Our department remembers former English and Creative Writing Professor Katharine C. Turner largely for bequests in her name that continue to fund several prestigious department awards and recognitions: The Katharine Turner Dissertation Fellowship offers American literature doctoral candidates cash grants, tuition, and health insurance to aid them in completing their dissertations; The Katharine C. Turner Prize of the Academy of American Poets acknowledges outstanding poets in the MFA Creative Writing Program with cash awards and one-year memberships in the Academy; and the Katharine C. Turner Endowed Chair in English recognizes excellence among department faculty and is presently held by Regents’ Professor and Arizona Poet Laureate, Alberto Ríos.

Little biographical information about Turner is available, but we do know that she graduated from the University of Michigan with an MA and PhD in American literature, completing her dissertation on the poetry of Richard Hovey. She joined the faculty of the ASU English Department in 1946, where she taught American literature and creative writing at least until the mid-1970s. Her first major published work, Red Men Calling on the Great White Father (1951) was unusual for its time in its critical approach to United States government policies toward Native American tribes in the eighteenth to twentieth centuries.

A later work, Writing: The Shapes of Experience (1967), often served as a textbook in the creative writing courses Turner taught in the department in the 1970s. I was enrolled in several of these between 1975 and 1978. If memory serves, there were only two undergraduate classes in creative writing at the time, and I took them both. In addition to her 1967 handbook, we read several novels, including Nelson Algren's A Walk on the Wild Side, whose celebrated three rules of life ("Never play cards with a man called Doc. Never eat at a place called Mom's. Never sleep with a woman whose troubles are worse than your own.") offered sage guidance for my later expeditions into the urban underbelly of New Orleans, Louisiana.

Today, Turner's pedagogy might be thought of as out-of-date in a creative writing class.
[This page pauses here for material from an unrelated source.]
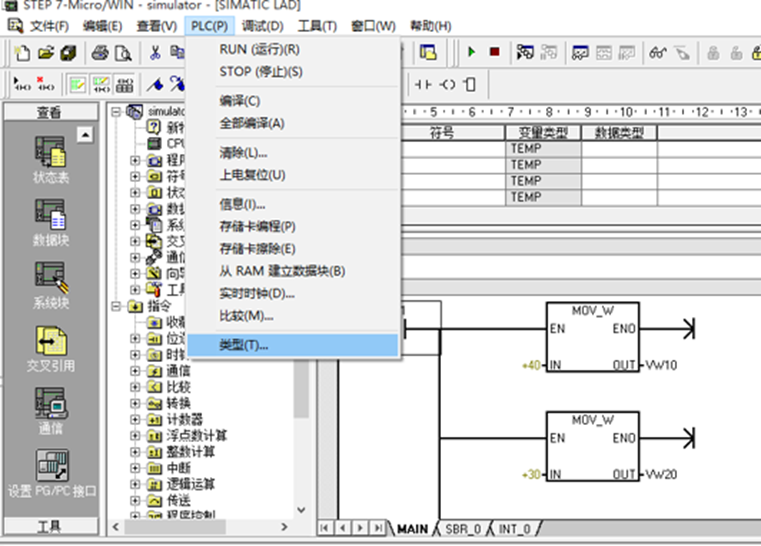 点击PLC按钮,展开,找到类型。
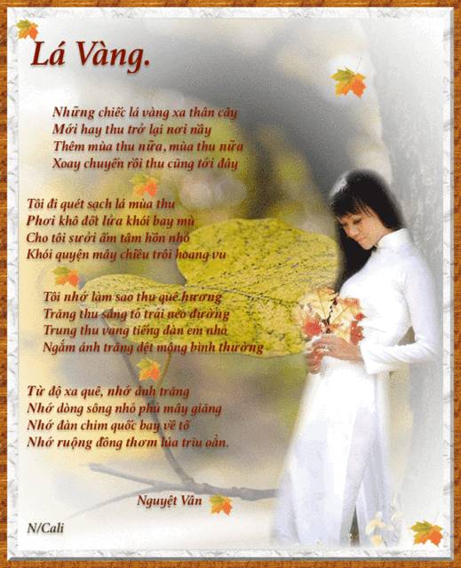 Lời thơ ngọt ngào,đầy âm điệu,gợi nhớ về những mùa thu quê hương với dòng sông nhỏ và . "Nhớ đàn chim quốc bay về tổ. Nhớ ruộng đồng thơm lúa trĩu oằn" Khung thơ tranh đẹp với kỹ thuật ghép hình để chuyển đạt ý thơ qua hình ảnh. Trân trọng cám ơn. Giang Võ

Filling the board with notes, she would lecture with little discussion and no group work, occasionally reading a student paper aloud in class—an honor we all vied for. I remember her as a wry, soft-spoken mentor, remarkably patient with my adolescent posturing and mediocre writing.

Turner told us little of her life outside of the university, but she did mention her fondness for hunting fossils in Northern Arizona, and the cryptic dedication to Red Men Calling on the Great White Father presents us with a poignant mystery regarding her past:

In memory of

Captain Robert Griggs Turner

whose plane crash, May 25, 1945, sent the author

to the Indians

One year later, Turner would join the Arizona State University English Department.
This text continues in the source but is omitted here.